The choice of primers is a critical factor influencing the performance of PCR assays, as it directly affects their sensitivity and specificity. False-negative results can occur when primers target variable regions of fungal genomes, leading to suboptimal binding in certain organisms. In this study, the primers were carefully selected to target the ITS1 region within the ribosomal RNA gene cluster for AF and the DHFR gene for PJ. The ITS1 region is a widely recognized target for fungal diagnostics due to its high copy number and relatively conserved sequences across fungal species, making it suitable for detecting AF with high sensitivity. For PJ, the DHFR gene was chosen based on the findings from our previous study published in 2021 [20], which demonstrated its effectiveness as a reliable target for molecular detection. DHFR is particularly advantageous due to its low variability and its diagnostic relevance in identifying PJ, as it circumvents some of the challenges associated with other, more variable genetic regions. By selecting these specific targets, the AF/PJ LDA ensures robust detection while minimizing the risk of false-negative results, even in cases where genetic variability could potentially compromise assay performance.
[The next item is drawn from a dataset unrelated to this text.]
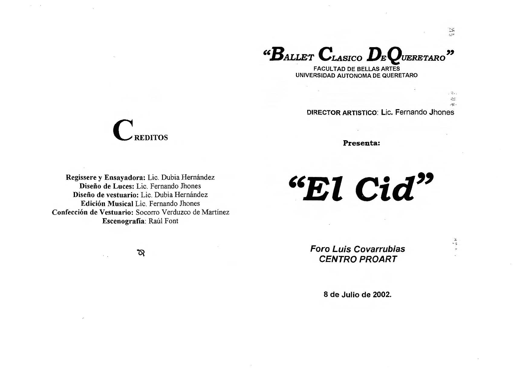 Ballet Clásico de Querétaro Fernando Jhones, “El Cid en el Centro Proart,” ReDCA-Ballet, consulta 9 de marzo de 2026, http://redca.uaq.mx/ballet/items/show/408.
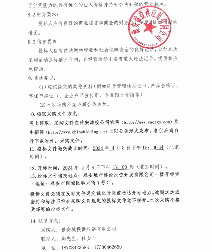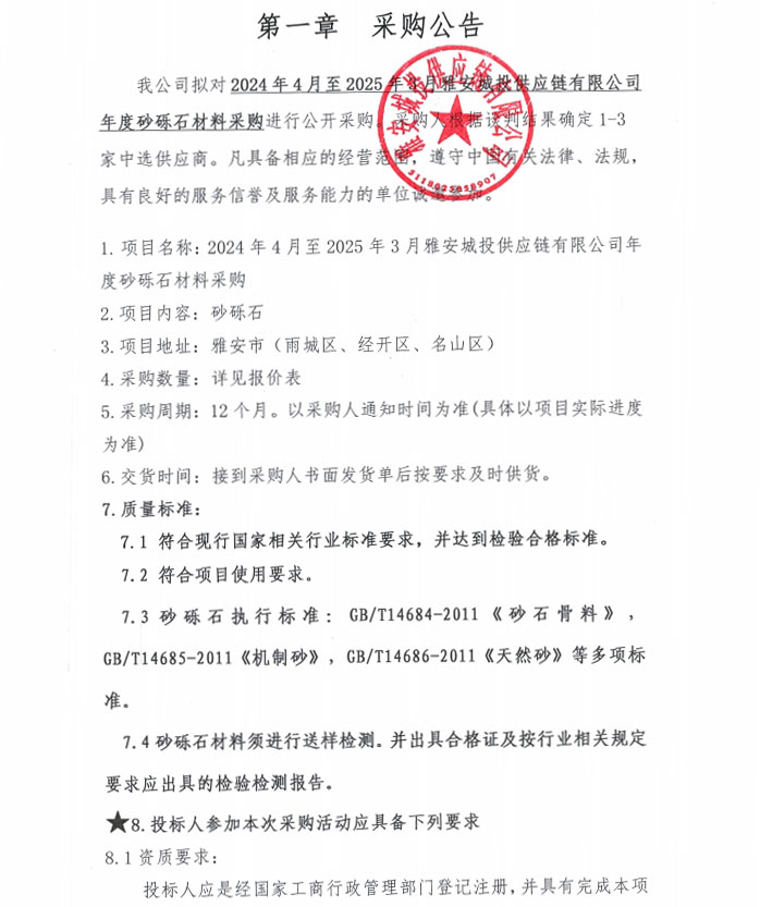 2024年4月至2025年3月雅安城投供應(yīng)鏈有限公司年度砂礫石材料采購公告

A potential risk for molecular diagnostic assays, such as the one described in this study, is that they may be perceived as mere technological exercises without practical clinical applicability. The primary aim of this research, however, was to develop a robust assay that is seamlessly integrable into routine diagnostic workflows. Although the AF/PJ LDA demonstrated high analytical and diagnostic performance in this study, its clinical validation remains incomplete, as we lack information on how the routine mycological results were interpreted by the treating physicians based on the clinical context. This is particularly relevant for PJ, where distinguishing colonization from active infection relies heavily on clinical correlation [27], even when the PCR results, such as those from the OLM PneumID, are concordant. In this context, the need for a multidisciplinary approach to diagnosing pulmonary fungal infections should be highlighted, integrating clinical, radiological, and serological findings (e.g., BDG and GM assays) for a comprehensive assessment [16].

The AF/PJ LDA was designed to address key challenges in fungal diagnostics, including the need for rapid, multiplexed detection of A. fumigatus and P. jirovecii. While the Panther Fusion system provides an efficient workflow, its proprietary extraction process limits assay adaptability to other platforms. Nevertheless, it overcomes the complexities of current BALF sample processing workflows, which typically require multiple steps prior to PCR-based molecular testing. Future studies should focus on further validation of the assay in larger, multicenter cohorts and explore its integration into diverse laboratory platforms to maximize clinical utility.

In conclusion, the AF/PJ assay represents a promising alternative to existing molecular diagnostics, combining multiplexed detection with a streamlined workflow. Its ability to address the challenges of fungal diagnostics while offering scalability highlights its potential for integration into routine clinical practice.